I know better, by now, than to trust supposition. And, honestly, the folks at the Office of Children, Youth and Family and the Clerk of the Orphan’s Court could not have been more helpful.

This spring, I decided to cross the legal Rubicon. No matter what was inside, be it reams of paperwork or a single card, it would be an answer.  

Technically, my dad had to make the request. As Phil’s living son, he has standing before the court. So, together, we wrote the letters, collected the documents (including a certified copy of Phil’s death record) and sent them off to Pittsburgh. 

In mid-September, the Clerk of the Orphan’s Court presented our plea. Judge Lawrence O’Toole affirmed Dad’s standing and appointed Children, Youth and Families to act as our search agent.

What, if anything, would they find?

The answer came today: nothing less than the final pieces confirming the shape of this decade-long jigsaw puzzle.

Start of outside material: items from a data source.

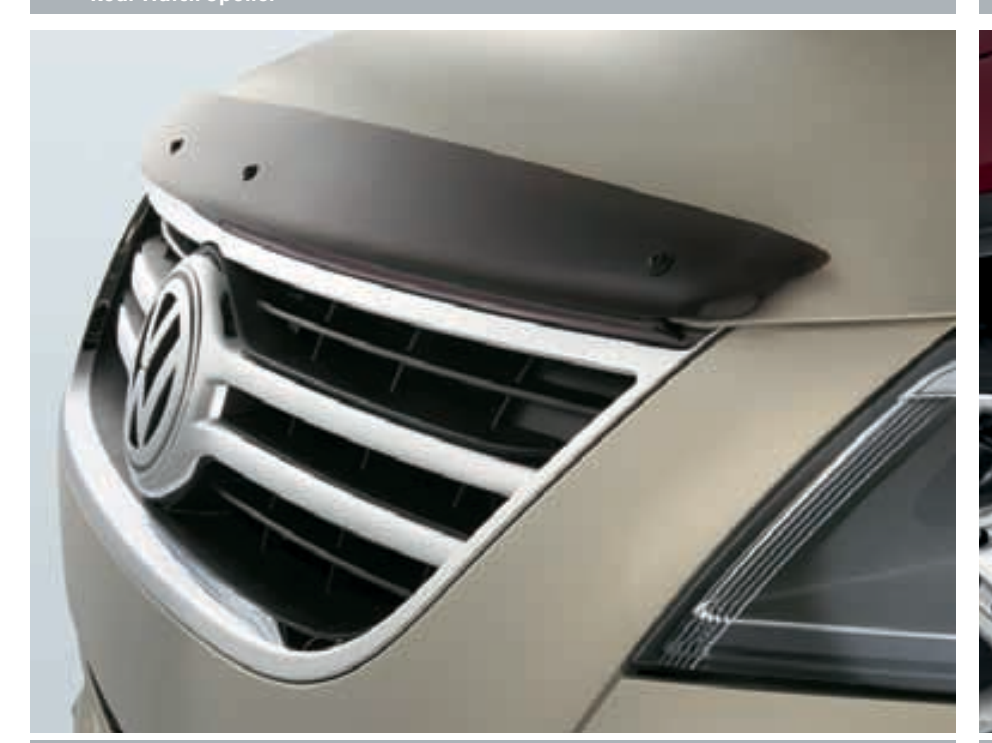
Rear Hatch Spoiler

Base Carrier Bars with Snowboard/Ski Attachment
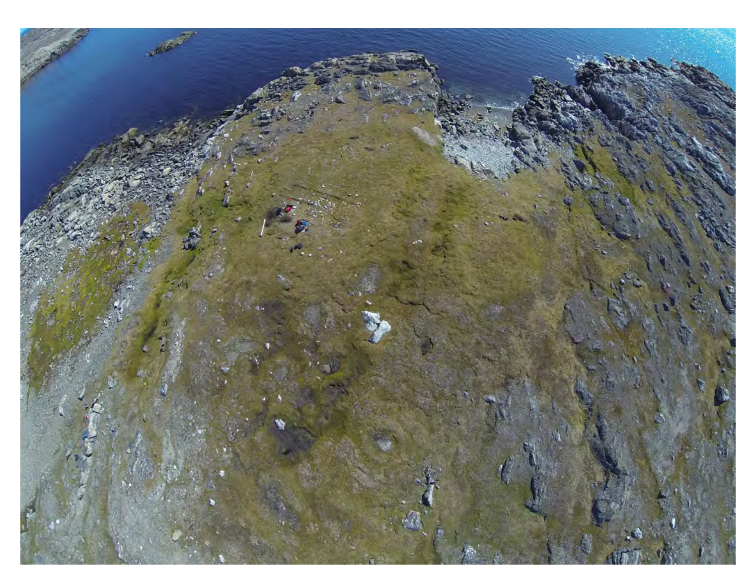
Aerial view of Avayalik-1 taken in 2016 using a drone. The 1978 excavation is visible in the top left quadrant of the photograph. The small cove southwest of the excavation showing active erosion is at the top of the photograph. Dark green areas in the center section of the image are where melting permafrost is pooling.

picture of what life was like some 1,500 years ago, in an ecologically rich area accessible to groups living as far away as Baffin Island and Hudson Bay. Perhaps it was even a central gathering place or an important stop on a vast trade route. Time is running out for researchers to gather the fragile organic materials that hold the clues to this and other stories in the Arctic.
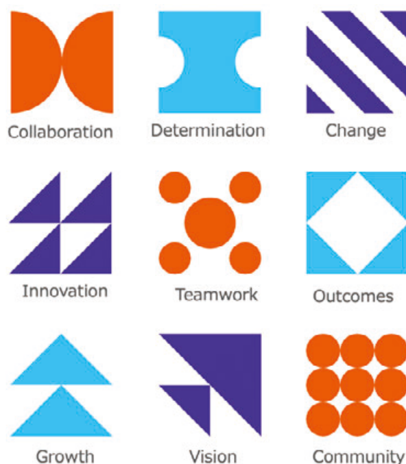
Visual identity of the new PMI brand logo

A new brand logo for the next 50 years was released at the North American Global Conference in 2019. The new PMI brand logo consists of nine visual identities, and each of them has both the history of PMI and the qualities needed to drive the future of the project economy. The year 2020 marks the first year for PMI to start the next 50 years. In addition to promoting the project economy, PMI aims to implement activities to instill project management™ in every generation as a life skill.
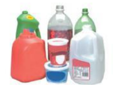
Plastic bottles and containers
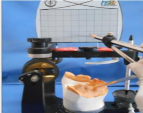
Fig. 7: Anterior survey line
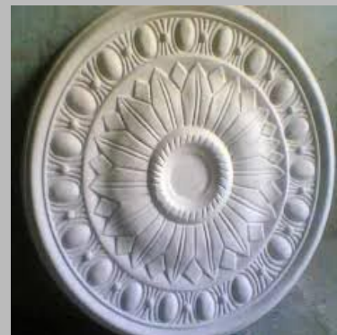
Plaster OF Paris Project Consultancy Services
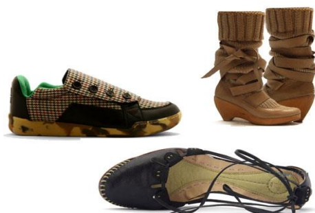
Figure 2: Terra plana eco-friendly shoes [7]

Despite the stereotypes, “eco-friendly footwear” doesn’t have to mean hemp sandals or Birkenstocks. British shoe company Terra Plana has been putting its own unique stamp on eco-friendly style since 2001, with their quirky shoes made from environmentally sustainable materials like recycled rubber, vegetable tanned leathers, and recycled Pakistani quilts [7].

The timeline is accurate. Assumptions were proven out by the legal paper trail and augmented by the amazing Christmas letters and the diligence of the city’s journalistic community.

The half-remembered boogyman, woven ominously through time as The Uncle in Ohio has a name. Ottavio Brescia. So do his two accomplices. Mike Natale. Pasquale Brescia.

There were only a handful of documents in Phil’s file, but they were good: The adoption decree and the Brenckles’ petition to adopt the boys. Law (still!) seals the file and prevents direct photocopying. However, our search agent was kind enough to hand-copy it all and provide a summary.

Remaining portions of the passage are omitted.